For original data, we draw mainly on two empirical studies that were conducted in Israel on two specific groups: women scientists in academia, and Russian immigrant-scientists. The first study of women in academia began in 1983 with a survey of the entire population of faculty members in the seven institutions of higher education (universities) in Israel. The entire female faculty at that time numbered about 430 women (13.5 percent of the total). Faculty women and men were compared in terms of proportions, promotion, and performance. In many respects, the position of women in academia in Israel resembles that of faculty women in the United States and other western countries; that is, they constitute a minority of the total faculty, are concentrated in the lower ranks of the academic ladder, advance more slowly than their male colleagues, and only a few reach the highest rank of full professor. A sub-sample of fifty women were personally interviewed with a questionnaire concerning their perceptions and attitudes toward their professional careers, family obligations, gender discrimination, etc. (Toren and Kraus, 1987; Toren, 1991).
The second study was mainly concerned with professional integration problems that confront scientists who move from one sociocultural environment to another in spite of the notion that science is culture-free and "the same everywhere." The sample of scientists studied included 207 persons who immigrated from the Soviet Union to Israel in the early 1970s. More than half of these scientists were employed in academic institutions and the others in research and development institutes of government, industry, and the private sector.
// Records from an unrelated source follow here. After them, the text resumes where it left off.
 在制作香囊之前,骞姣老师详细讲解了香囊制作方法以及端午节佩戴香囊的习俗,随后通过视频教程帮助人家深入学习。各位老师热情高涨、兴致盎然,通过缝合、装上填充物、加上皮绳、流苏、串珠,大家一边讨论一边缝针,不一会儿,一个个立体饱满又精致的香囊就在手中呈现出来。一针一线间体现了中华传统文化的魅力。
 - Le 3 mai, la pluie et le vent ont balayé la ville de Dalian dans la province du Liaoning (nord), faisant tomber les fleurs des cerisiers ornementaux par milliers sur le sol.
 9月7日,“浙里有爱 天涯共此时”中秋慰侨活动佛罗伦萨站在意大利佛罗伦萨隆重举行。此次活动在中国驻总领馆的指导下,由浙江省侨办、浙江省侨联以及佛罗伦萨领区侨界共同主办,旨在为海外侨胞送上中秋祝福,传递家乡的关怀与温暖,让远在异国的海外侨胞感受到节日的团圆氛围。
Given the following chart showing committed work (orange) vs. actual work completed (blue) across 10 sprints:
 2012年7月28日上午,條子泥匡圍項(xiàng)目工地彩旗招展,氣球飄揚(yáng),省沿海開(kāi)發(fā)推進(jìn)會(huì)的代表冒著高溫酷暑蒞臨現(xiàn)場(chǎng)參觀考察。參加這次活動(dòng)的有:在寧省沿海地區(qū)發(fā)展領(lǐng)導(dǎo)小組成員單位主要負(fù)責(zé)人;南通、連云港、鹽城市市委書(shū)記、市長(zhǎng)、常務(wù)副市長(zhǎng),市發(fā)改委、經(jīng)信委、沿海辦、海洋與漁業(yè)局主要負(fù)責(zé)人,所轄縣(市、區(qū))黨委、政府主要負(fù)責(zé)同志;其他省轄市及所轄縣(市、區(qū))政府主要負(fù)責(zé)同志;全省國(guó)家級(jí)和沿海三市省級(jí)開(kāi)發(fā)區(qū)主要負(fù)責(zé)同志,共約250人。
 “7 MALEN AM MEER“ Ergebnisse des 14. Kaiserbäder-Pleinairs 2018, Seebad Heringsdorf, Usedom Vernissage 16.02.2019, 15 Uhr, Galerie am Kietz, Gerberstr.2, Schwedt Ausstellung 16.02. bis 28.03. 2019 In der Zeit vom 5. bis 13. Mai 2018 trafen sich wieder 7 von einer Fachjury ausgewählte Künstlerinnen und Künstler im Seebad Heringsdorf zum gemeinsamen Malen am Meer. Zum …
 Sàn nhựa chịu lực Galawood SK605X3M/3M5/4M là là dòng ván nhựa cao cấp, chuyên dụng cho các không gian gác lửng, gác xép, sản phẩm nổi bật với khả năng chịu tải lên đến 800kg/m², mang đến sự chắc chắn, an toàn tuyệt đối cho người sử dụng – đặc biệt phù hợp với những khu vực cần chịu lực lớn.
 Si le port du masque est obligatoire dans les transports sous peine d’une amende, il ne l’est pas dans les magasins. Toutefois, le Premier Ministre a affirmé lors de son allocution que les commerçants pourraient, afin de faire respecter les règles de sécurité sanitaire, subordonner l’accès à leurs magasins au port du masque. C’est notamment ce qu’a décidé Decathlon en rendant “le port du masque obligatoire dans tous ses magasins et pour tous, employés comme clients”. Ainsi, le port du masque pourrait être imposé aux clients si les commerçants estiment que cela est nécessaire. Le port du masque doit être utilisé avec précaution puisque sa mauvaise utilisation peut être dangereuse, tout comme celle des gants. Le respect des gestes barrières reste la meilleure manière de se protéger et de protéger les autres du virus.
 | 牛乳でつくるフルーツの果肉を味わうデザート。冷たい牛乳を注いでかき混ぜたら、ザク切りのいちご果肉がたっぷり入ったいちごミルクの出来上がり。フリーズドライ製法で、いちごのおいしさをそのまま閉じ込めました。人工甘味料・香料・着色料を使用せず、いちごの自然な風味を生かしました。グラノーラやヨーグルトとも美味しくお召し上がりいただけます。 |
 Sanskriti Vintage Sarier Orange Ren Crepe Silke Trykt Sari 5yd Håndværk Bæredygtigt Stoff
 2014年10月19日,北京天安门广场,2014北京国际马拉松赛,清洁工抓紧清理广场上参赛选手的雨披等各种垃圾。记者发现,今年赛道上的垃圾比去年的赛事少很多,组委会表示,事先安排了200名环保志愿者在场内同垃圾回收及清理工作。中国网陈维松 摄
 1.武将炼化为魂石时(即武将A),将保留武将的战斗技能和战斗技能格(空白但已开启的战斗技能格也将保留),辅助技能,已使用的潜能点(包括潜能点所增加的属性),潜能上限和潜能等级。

The second stage of this study was performed following the second large wave of immigration from Russia in the early 1990s and was composed of a sample of 123 scientists who were employed in all institutions of higher education in Israel (Toren, 1988, 1994).
There is no overlap between the respondents of the study on immigrant scientists and the study on faculty women.
This article examines the social processes that affect both new immigrants in the host society and women in traditionally male occupations: stereotyping, exclusion, segregation, and assimilation. Both groups are compared in terms of these mechanisms and discern their similar and different manifestations.
Attributed Characteristics of Women and Immigrants
The major stereotypes in a society are those attached to race, ethnic origin, class, and gender. The binary divisions of white and black, high and low, male and female, native and newcomer are basic to the creation and maintenance of social categories that sustain inequality by establishing boundaries of inclusion and exclusion (Bourdieu, 1984; Zerubavel, 1991; Bar-Yosef, 1996).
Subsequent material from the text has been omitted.